I have an application that is ~40 docker containers varying from NoSQL, RDBMS, C applications, Go apps, Python and so on, orchestrated using Kubernetes
, Its all running on GCP
. With a GLB(Load Balancer) at the frontend.
Now if I create a lot of replicas and give a lot of resources to these applications then everything runs properly. But if I give just enough resources then the frontend sometimes loads very slowly, the web application becomes unresponsive for sometime and then mysteriously comes back up again.
All this happens with no pod evictions or restarts.
When this happens I can see that the CPU/Memory are at 50%, so resources are not exhausted.
How to a go about debugging what is the reason for slowness?

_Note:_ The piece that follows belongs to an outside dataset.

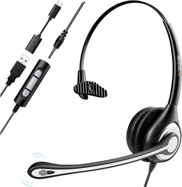 [(Plug and Play with USB & 3.5mm Jack)] : The usb headset with microphone is compatible with 3.5mm jack or USB devices: PC, tablet, Mac, iOS, laptop, Android phone. Additionally, its extra-long cable about 7 feet ensures uninterrupted connectivity, no need worry about low battery and no signal.

How to I calibrate which application requires how mush of resources?
You haven't mentioned about any monitoring tools implemented in Kubernetes cluster that you can use to check overall cluster performance or check application resource usage.

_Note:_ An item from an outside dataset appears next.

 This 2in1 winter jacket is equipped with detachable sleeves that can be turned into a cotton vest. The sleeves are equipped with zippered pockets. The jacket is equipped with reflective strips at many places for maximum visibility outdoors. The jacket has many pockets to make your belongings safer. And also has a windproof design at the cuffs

All the monitoring aspects based on the metrics characteristics, therefore Kubernetes offers Resource metrics pipeline gathered by metrics-server or Full metrics pipeline for some more advanced metrics and Prometheus is a good example for that approach.
For GCP related environments you can use Stackdriver logging with lots of monitoring features and appropriate group of metrics.
Therefore, I would start from checking monitoring metrics from underlying Kubernetes resources in order to collect measurements and take necessary actions to improve total cluster productivity.